ASSIGNED TASK
Restate the listing word for word; omit the images.

SUPPLIED INFORMATION
• • • •
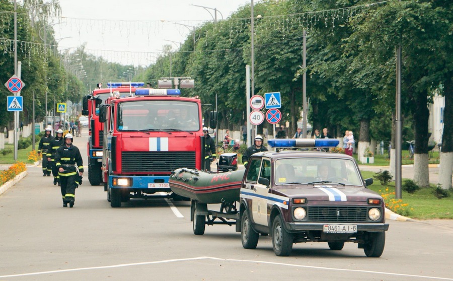 Пачалося ўрачыстае шэсце супрацоўнікаў РАНС і парад пажарна-выратавальнай тэхнікі ад вуліцы Гагарына. Апладысментамі сустракалі кіраўчане і госці горада аўтамабілі з мігалкамі і гукавым суправаджэннем, якія рухаліся па вул.Кірава да плошчы, дзе і разгарнулася галоўнае святочнае дзейства.
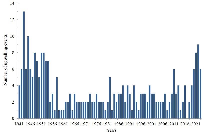 A total of 285 upwelling events were identified and treated between May and October 1941-2023. Up to four upwelling events were recorded in each individual month. During the year, 1-3 upwelling events were most often recorded (Fig. 3). The maximum number of upwelling events was 13 within one year (in 1943).
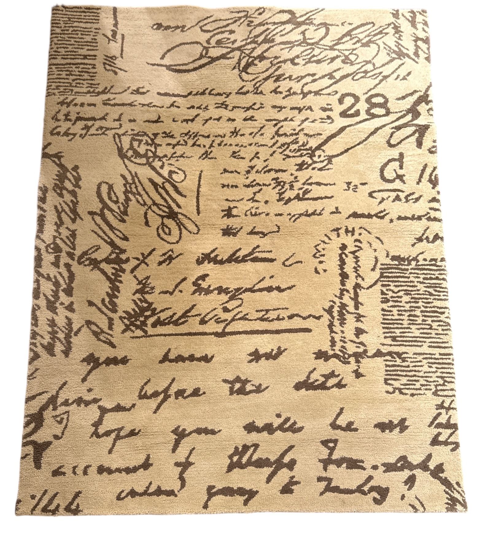Vintage Script Hand Tufted Calligraphy Area Rug - Approx 60in x 82in
• • • •
RESULT
 Пачалося ўрачыстае шэсце супрацоўнікаў РАНС і парад пажарна-выратавальнай тэхнікі ад вуліцы Гагарына. Апладысментамі сустракалі кіраўчане і госці горада аўтамабілі з мігалкамі і гукавым суправаджэннем, якія рухаліся па вул.Кірава да плошчы, дзе і разгарнулася галоўнае святочнае дзейства.
 A total of 285 upwelling events were identified and treated between May and October 1941-2023. Up to four upwelling events were recorded in each individual month. During the year, 1-3 upwelling events were most often recorded (Fig. 3). The maximum number of upwelling events was 13 within one year (in 1943).
Vintage Script Hand Tufted Calligraphy Area Rug - Approx 60in x 82in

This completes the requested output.